I want to build a regression model to predict the number of visitors using traditional machine learning algorithms such as random forests, SVM, and the like.

My main concern is how to validate this model using CV since some of the predictors are time-related. Plain vanilla CV cannot be performed here. In this question, they suggest a way to perform this but my problem is that I only have data from June 2015 to present.

My initial idea was the following:

  • train with data from June 2015-December 2015. Test with January
  • train with June 2015-January 2016. Test with February 2016.

Each time one month of data is added to the training data after having asses the error for that month. Then compute average performance.

My questions:

  1. Is this approach reasonable or not?

  2. If so, should I get rid of the month variable? Note that in a., for instance, I am testing with some data that belongs to different months that the one used for training. I mean, for the training I used data from June to December 2015, but I am testing for January 2016. Seasonality can be something I am missing.

  3. How to validate such models in general?

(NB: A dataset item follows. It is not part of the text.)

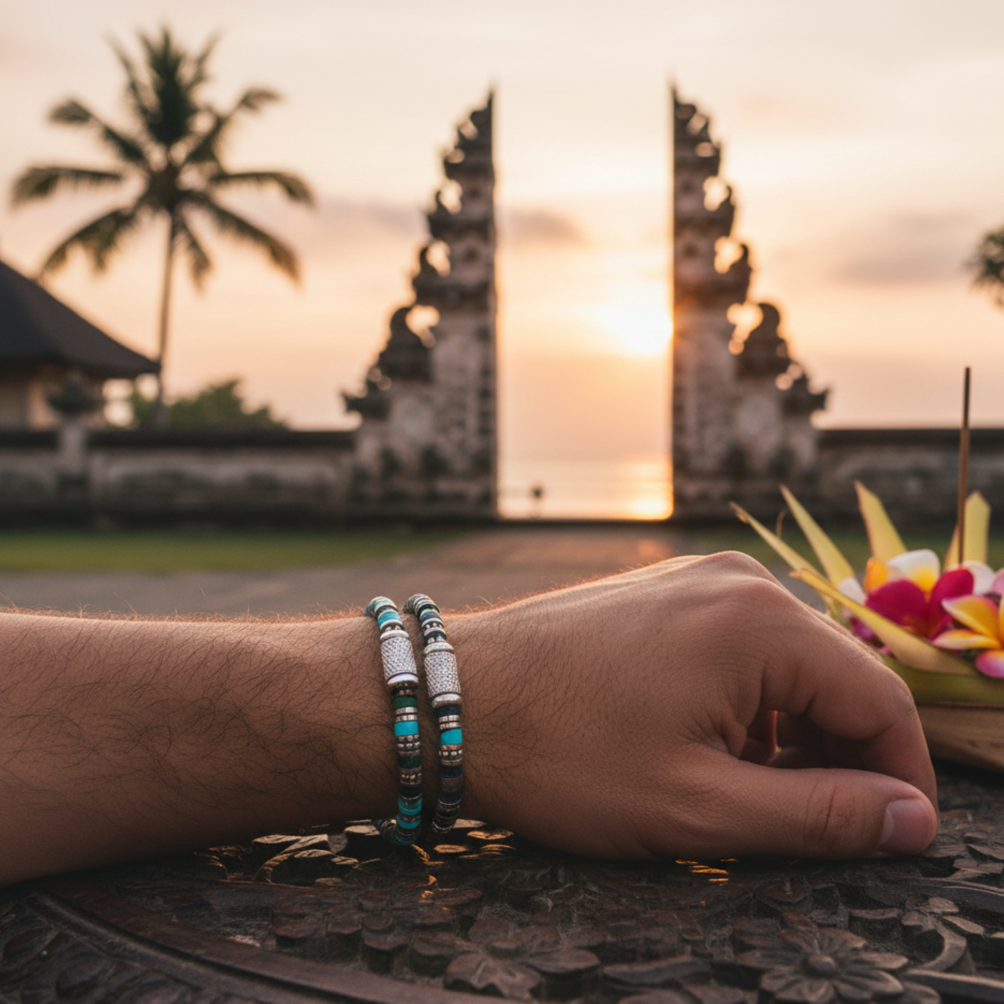 Bracelet 4mm perles heishi turquoise bleu et vert bali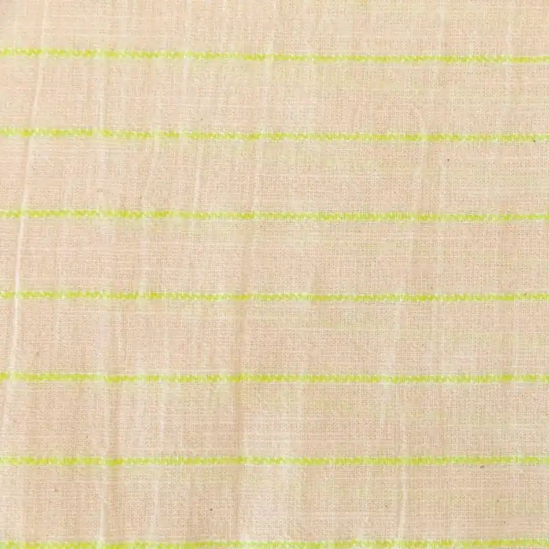 Il tessuto Katia Sari Fluor Yellow presenta un aspetto naturale con delle linee in colore giallo fluo che risaltano sullo sfondo del tessuto. È fresco, morbido e piacevole sulla pelle, con un effetto leggermente stropicciato. Ideale per primavera ed estate.

Posted 2016-11-30T01:50:16.640

Reputation: 163



One such way to handle a time series cross-validation is to take a look at the below Python code from here:

def performTimeSeriesCV(X_train, y_train, number_folds, algorithm, parameters):
Given X_train and y_train (the test set is excluded from the Cross Validation),
number of folds, the ML algorithm to implement and the parameters to test,
the function acts based on the following logic: it splits X_train and y_train in a
number of folds equal to number_folds. Then train on one fold and tests accuracy
on the consecutive as follows:
- Train on fold 1, test on 2
- Train on fold 1-2, test on 3
- Train on fold 1-2-3, test on 4
Returns mean of test accuracies.

print 'Parameters --------------------------------> ', parameters
print 'Size train set: ', X_train.shape

# k is the size of each fold. It is computed dividing the number of 
# rows in X_train by number_folds. This number is floored and coerced to int
k = int(np.floor(float(X_train.shape[0]) / number_folds))
print 'Size of each fold: ', k

# initialize to zero the accuracies array. It is important to stress that
# in the CV of Time Series if I have n folds I test n-1 folds as the first
# one is always needed to train
accuracies = np.zeros(folds-1)

# loop from the first 2 folds to the total number of folds    
for i in range(2, number_folds + 1):
    print ''

    # the split is the percentage at which to split the folds into train
    # and test. For example when i = 2 we are taking the first 2 folds out 
    # of the total available. In this specific case, we have to split the
    # two of them in half (train on the first, test on the second), 
    # so split = 1/2 = 0.5 = 50%. When i = 3 we are taking the first 3 folds 
    # out of the total available, meaning that we have to split the three of them
    # in two at split = 2/3 = 0.66 = 66% (train on the first 2 and test on the
    # following)
    split = float(i-1)/i

    # example with i = 4 (first 4 folds):
    #      Splitting the first       4        chunks at          3      /        4
    print 'Splitting the first ' + str(i) + ' chunks at ' + str(i-1) + '/' + str(i) 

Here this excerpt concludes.